I’ll try to see if I can get it somehow. David Eisenberg did a post-doc with Walter Kauzmann (later my Ph.D. advisor) and they wrote a book together on water.
Dr. Lewis if you are willing can you reach out to the ad-science blog at adscienceblog21@gmail.com. We hope to collaborate with you on some scientific topics related to Cassava Sciences. Cheers!
Aang: Thanks for the offer, but I’ll pass. Remi has said he may call on me to talk to Wall Street types about the science behind Cassava, and I’d like to confine my knowledge of it to what I’ve read in published journals and my clinical experience
thank you for the response and for agreeing to share your expertise. Hopefully we can touch base another time.

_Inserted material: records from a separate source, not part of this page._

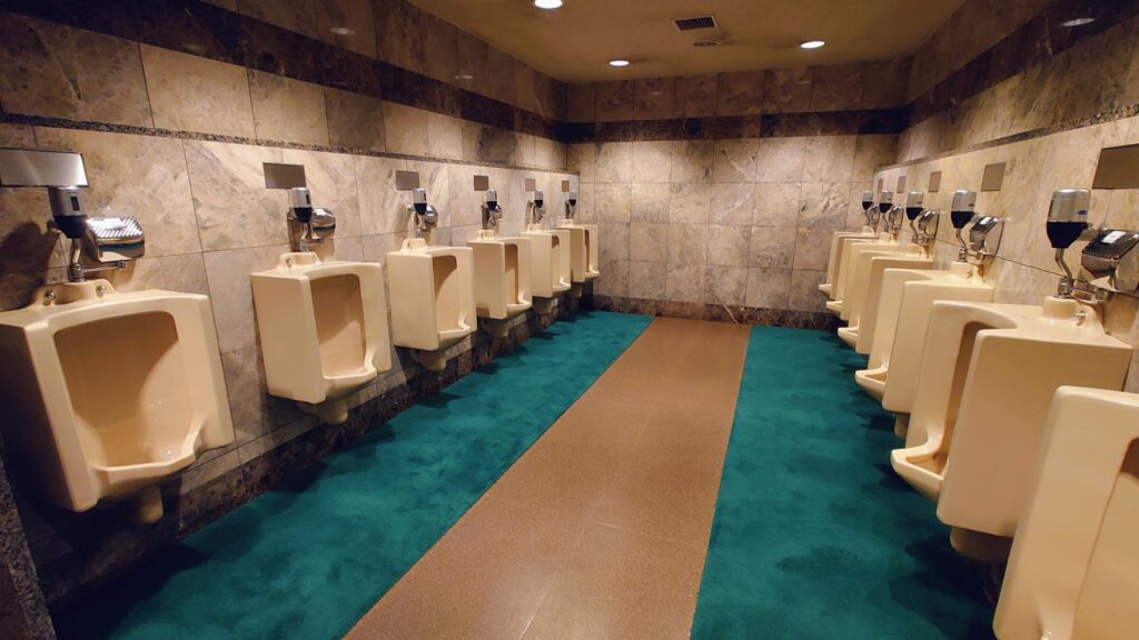 床の青い柄と色合いがクラブハウス全体の雰囲気にぴったりマッチしていて、とても素敵でした。
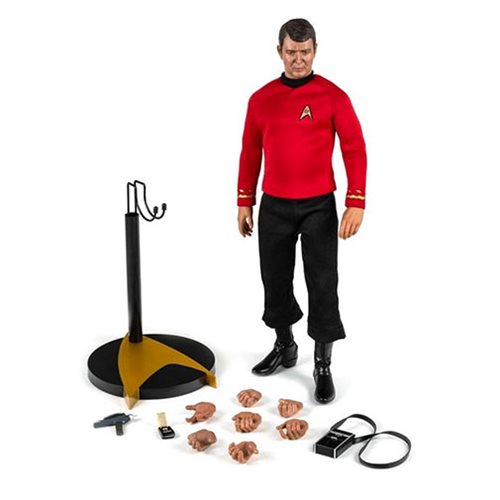A little-known fact is that actor James Doohan served in the Canadian military during WWII and lost a finger off his right hand. Although his character did not have a missing a finger, Quantum Mechanix has included one hand missing a digit to pay homage to the beloved actor.
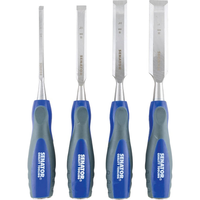 Contents: 6mm (1/4), 13mm (1/2), 19mm (3/4) and 25mm (1) chisels.
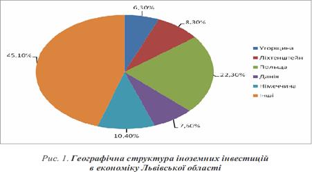 У Львівській області проводиться активна політика щодо залучення іноземних інвестицій. На одного мешканця у 2007 р. припадало понад 323 дол. США іноземних інвестицій, вкладення в економіку області здійснили партнери з 62 країн. Найактивнішими інвесторами є Польща, Німеччина та Угорщина (рис.1).
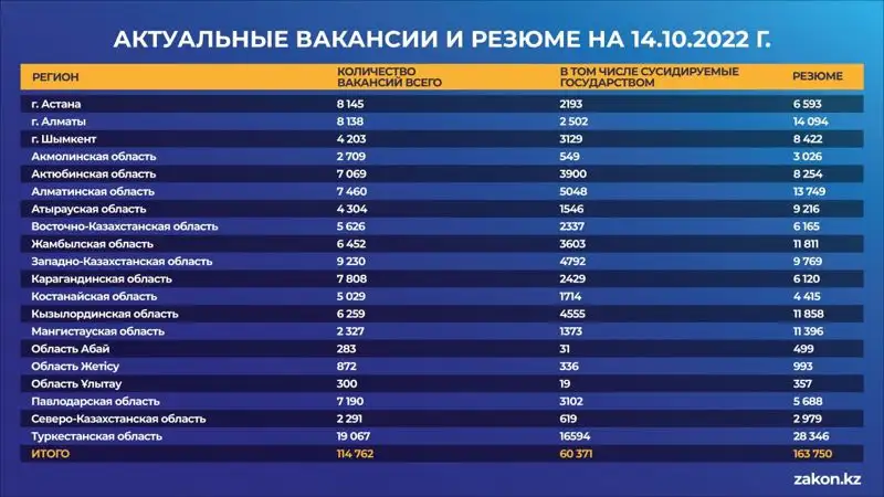 В сентябре нынешнего года на электронной бирже труда было размещено 115,6 тыс. вакансий и 82,3 тыс. резюме. При этом в Астане зафиксировано наибольшее число вакансий – 8145 и резюме – 6593, а наименьшее – в Абайской области – 283 и 499, соответственно.
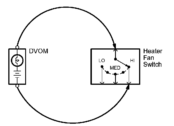 1. Place the digital volt/ohmmeter (DVOM) in the appropriate DC volts range. Connect the positive lead to the end of the wire (or to the connector or switch) closest to the battery.
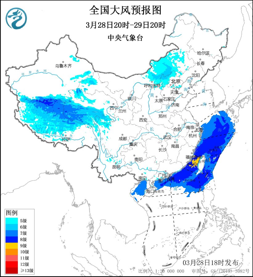 預計,3月28日20時至29日20時,內蒙古中東部、河北北部、西藏中北部、青海南部和西部、甘肅河西、川西高原北部、台灣島等地有5~6級風,陣風7~8級,其中,西藏北部、青海西南部等地部分地區有7~8級、陣風9~10級的大風;東海大部海域、台灣海峽、台灣以東洋麪、巴士海峽、南海北部海域、北部灣將有7~8級、陣風9級的大風,其中台灣海峽部分海域風力可達9級、陣風10級。
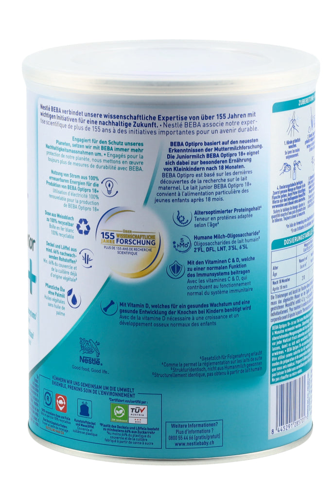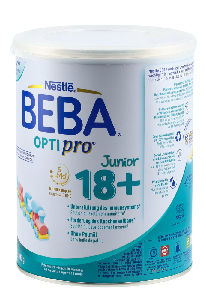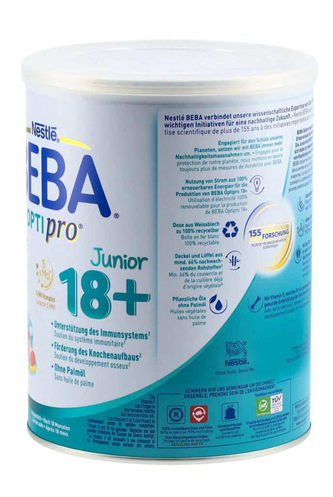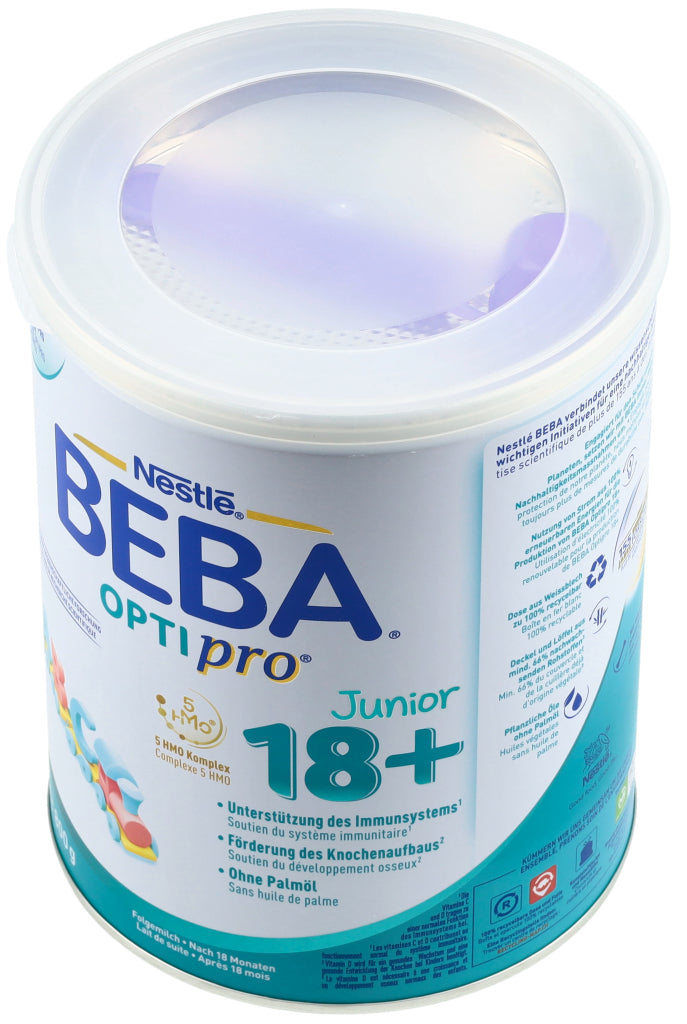 Entdecken Sie das innovativste und beste Optipro aller Zeiten! BEBA Optipro basiert auf den neuesten Erkenntnissen der Muttermilchforschung sowie auf unserer wissenschaftlichen Expertise von über 155 Jahren. Die Juniormilch BEBA Optipro 18+ eignet sich dabei zur besonderen Ernährung von Kleinkindern nach 18 Monaten. Zu den Besonderheiten der Formel zählen unter anderem ihr altersoptimierter Proteingehalt (gesetzlich für Folgenahrung erlaubt) sowie der 5 HMO Komplex mit den Humanen Milch-Oligosacchariden 2'FL (2'-Fucosyllactose), DFL, LNT, 3'SL und 6'SL (strukturidentisch, nicht aus Humanmilch gewonnen). Ausserdem unterstützt BEBA Optipro 18+ das Immunsystem durch die Vitamine C & D* und fördert den Knochenaufbau dank Vitamin D**. Ohne Palmöl. *Die Vitamine C und D tragen zu einer normalen Funktion des Immunsystems bei. **Vitamin D wird für ein gesundes Wachstum und eine gesunde Entwicklung der Knochen bei Kindern benötigt.
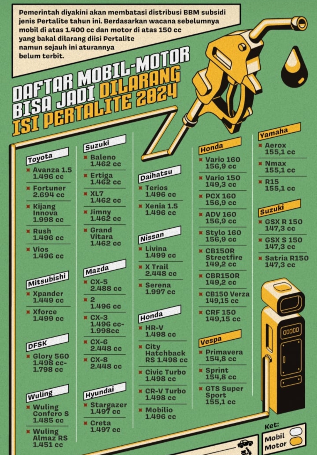 Ini daftar merek mobil dan motor dilarang isi Pertalite--

Isn’t doom criticism number 2 also irrelevant?… as clinical sites give lumbar punctures to test if their CSF contains ptau
You’re conveniently forgetting that all 3 of the papers that Cassava cites on their websites as containing the foundational data for the mechanism of action, have been documented to contain fake data! This has been more than adequately proven on PubPeer (and not just by Elisabeth Bik, but by also a large number of independent scientists and academics including myself). This has resulted in at least one retraction for Hoau-Yan Wang and Lindsay Burns (Mol Neurodegen. 2021) as well as expressions of concern and errata at other journals. I also happen to know first-hand of at least one additional case where Wang and Burns have fed faked “original” data to a journal in response to concerns raised, and that paper is also in the process of being retracted – unless Cassava’s lawyers get to the journal publishers first. Putting it simply – the basic science which underpins Cassava’s mechanism of action for their lead compound, is all a bunch of fabricated lies. When confronted with this, Wang and Burns are digging an even deeper hole. Wang is also on thin ice at CUNY, where the research integrity officer is conducting an investigation, and because some of his work is federally funded by NIH grants, then that investigation must by law be overseen by the federal Office of Research Integrity. There is just no way out of this for Wang, and if he goes down then Burns goes with him – she was his boss in academia for years and she is ingrained in the DNA of Cassava.
After all this fraud will be finally established , one of the important legal questions for investors if Cassava still own patent to the PTI-125. If not than $SAVA price is zero whether PTI-125 have any effect on cognition.